### Required work
Your output should be the lines from the one containing "À partir de" through the last line below, both ends included, exactly as written and free of pictures.

### Data block
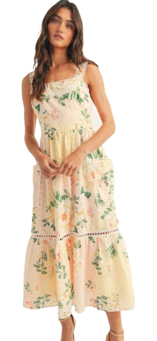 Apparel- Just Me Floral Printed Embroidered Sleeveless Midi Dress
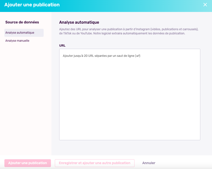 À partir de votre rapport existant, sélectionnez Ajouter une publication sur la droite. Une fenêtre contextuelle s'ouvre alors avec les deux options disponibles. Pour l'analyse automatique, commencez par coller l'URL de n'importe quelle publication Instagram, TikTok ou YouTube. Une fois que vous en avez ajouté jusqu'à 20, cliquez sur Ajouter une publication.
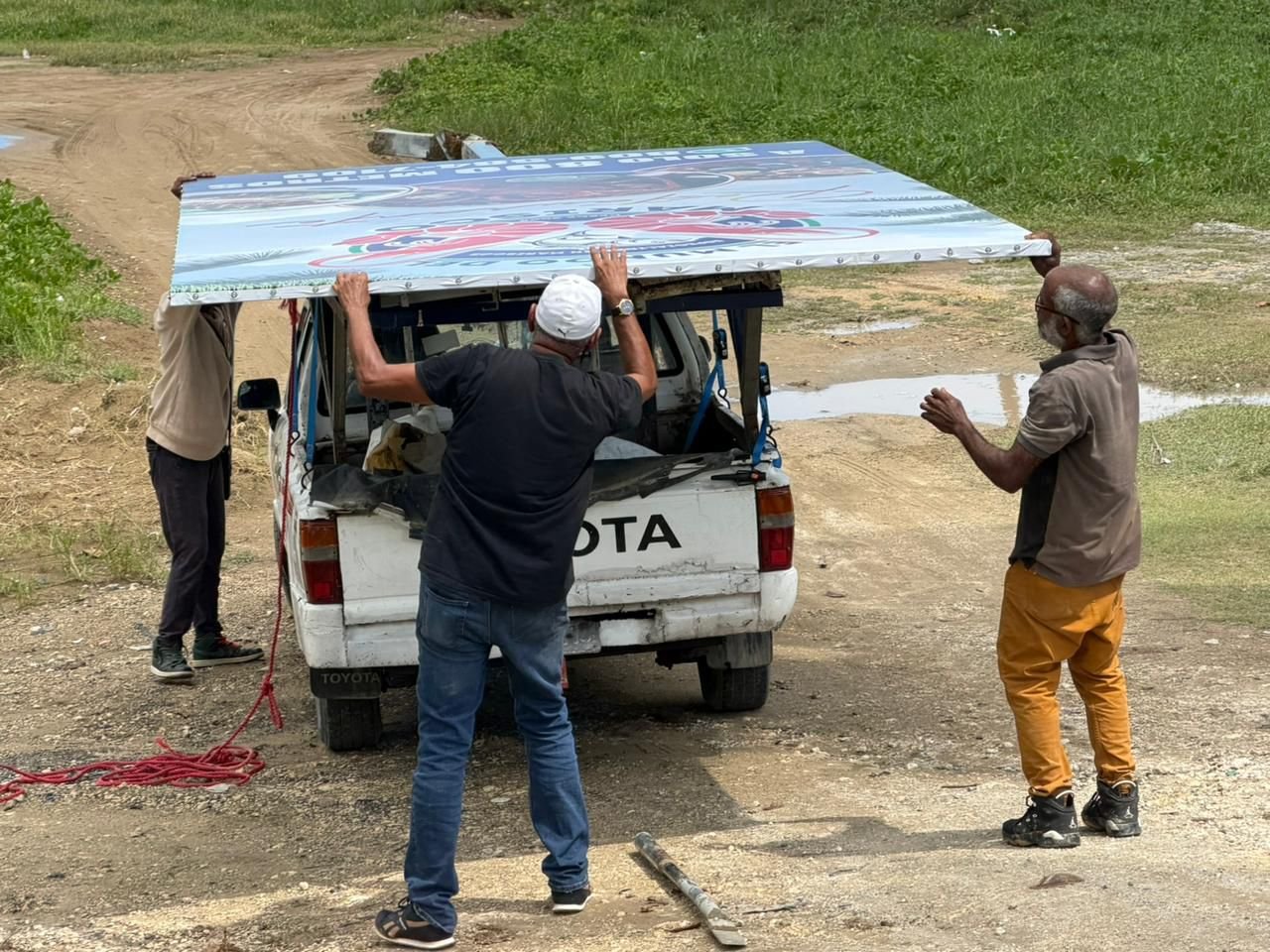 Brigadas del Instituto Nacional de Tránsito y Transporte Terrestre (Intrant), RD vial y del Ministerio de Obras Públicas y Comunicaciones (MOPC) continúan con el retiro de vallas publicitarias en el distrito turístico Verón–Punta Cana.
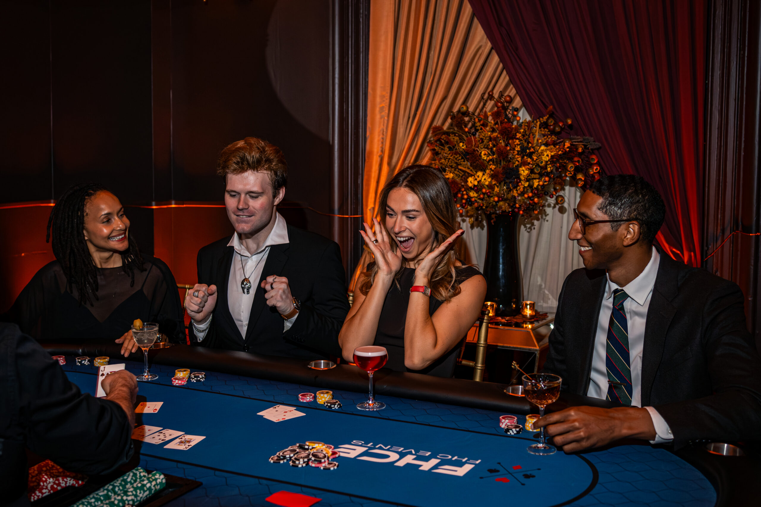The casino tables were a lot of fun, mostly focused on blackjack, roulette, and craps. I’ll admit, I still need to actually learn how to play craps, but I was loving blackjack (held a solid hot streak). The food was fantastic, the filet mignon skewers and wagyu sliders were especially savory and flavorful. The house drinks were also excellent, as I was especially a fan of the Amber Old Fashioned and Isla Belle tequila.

### Reply to the exercise
 À partir de votre rapport existant, sélectionnez Ajouter une publication sur la droite. Une fenêtre contextuelle s'ouvre alors avec les deux options disponibles. Pour l'analyse automatique, commencez par coller l'URL de n'importe quelle publication Instagram, TikTok ou YouTube. Une fois que vous en avez ajouté jusqu'à 20, cliquez sur Ajouter une publication.
 Brigadas del Instituto Nacional de Tránsito y Transporte Terrestre (Intrant), RD vial y del Ministerio de Obras Públicas y Comunicaciones (MOPC) continúan con el retiro de vallas publicitarias en el distrito turístico Verón–Punta Cana.
The casino tables were a lot of fun, mostly focused on blackjack, roulette, and craps. I’ll admit, I still need to actually learn how to play craps, but I was loving blackjack (held a solid hot streak). The food was fantastic, the filet mignon skewers and wagyu sliders were especially savory and flavorful. The house drinks were also excellent, as I was especially a fan of the Amber Old Fashioned and Isla Belle tequila.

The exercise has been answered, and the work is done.